** GIVEN INFORMATION follows **

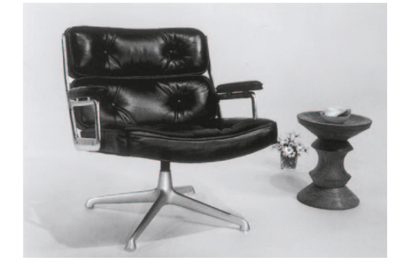
The Lobby Chair was designed by Charles and Ray Eames in 1960 for the lobby of the Time-Life Building in New York. It is an executive chair for offices, conference rooms and waiting areas. Its soft leather upholstery gives it the comfortable feel of a club armchair.
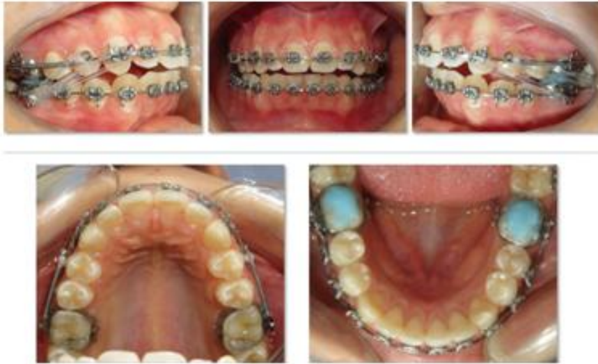
Figure 2. The distalization phase.

After 9 months into treatment, we attained class I molar and canine relationship, and large diastemas (3 mm) were created between maxillary lateral incisors and canines. The upper premolars and second molars were bonded and a maxillary .017x.025 NiTi archwire was ligated. The mandibular archwire was not changed and the patient wore simple class II elastics for about 12 hours per day to avoid relapse. Two months later, we commenced the space-closing phase using sliding mechanics. Maxillary and mandibular .018x.025 stainless steel archwires were ligated. Two omega loops were bent in the upper archwire distal to the lateral incisors and were used as hooks to attach the elastomeric chains.
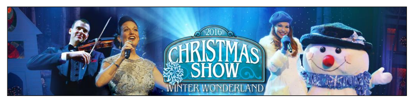
(Media has no rights to use photo displayed in this document. It was pulled from the attraction's web site for use only as visual representation of event/activity outlined above. Contact attraction directly to request images.)

Nov. 1 thru Dec. 30, 2016 - This holiday season, join our Yuletide tradition with AMT's 2016 Christmas Show: Winter Wonderland and recapture the Christmas spirit. Step through the doors of this beautiful modern theatre and be transported to a wonderland of music and enchantment – from a Bavarian mountain village to the festive, holiday excitement at the North Pole. Winter Wonderland features the secular and sacred holiday songs you know and love, with all-live performances by our sensational cast of Singers and Dancers, as well as the remarkable 9-piece AMT Orchestra. Performances November 1 – December 30, 2016. Contact Donna Haefner, 800-648-4102 X6202, dhaefner@AMTshows.com, www.AMTshows.com.
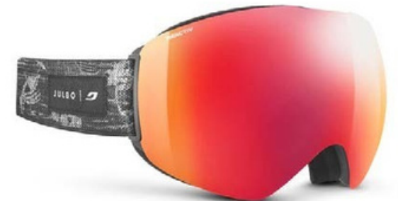
Julbo Skydome REACTIV 2-4
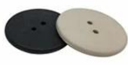
Laundry Washable RFID Tag
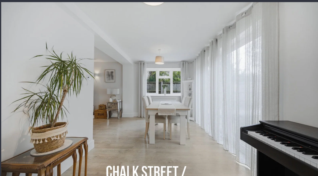
CHALK STREET /
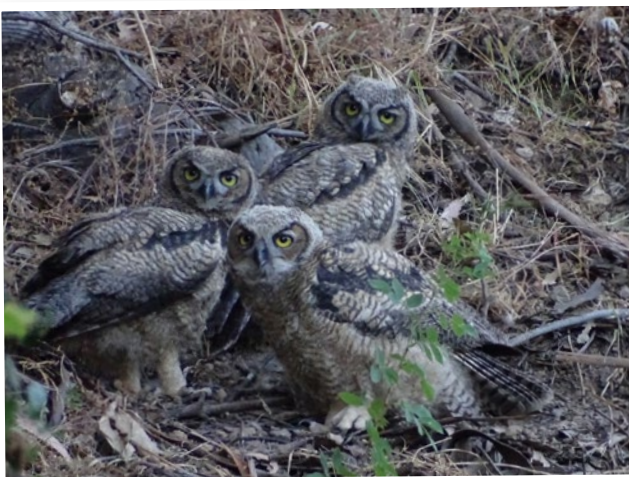
Well camouflaged, most will walk right past these three owlets and never see them

After the nesting season comes to an end and the young owlets leave the area to find their own territory, the trees are forecast to come down. Vasona County

** End of GIVEN INFORMATION **

#### EXERCISE DETAILS:
Go through the records and copy each line with "owlets" in it.

#### REPLY TO THE EXERCISE:
Well camouflaged, most will walk right past these three owlets and never see them
After the nesting season comes to an end and the young owlets leave the area to find their own territory, the trees are forecast to come down. Vasona County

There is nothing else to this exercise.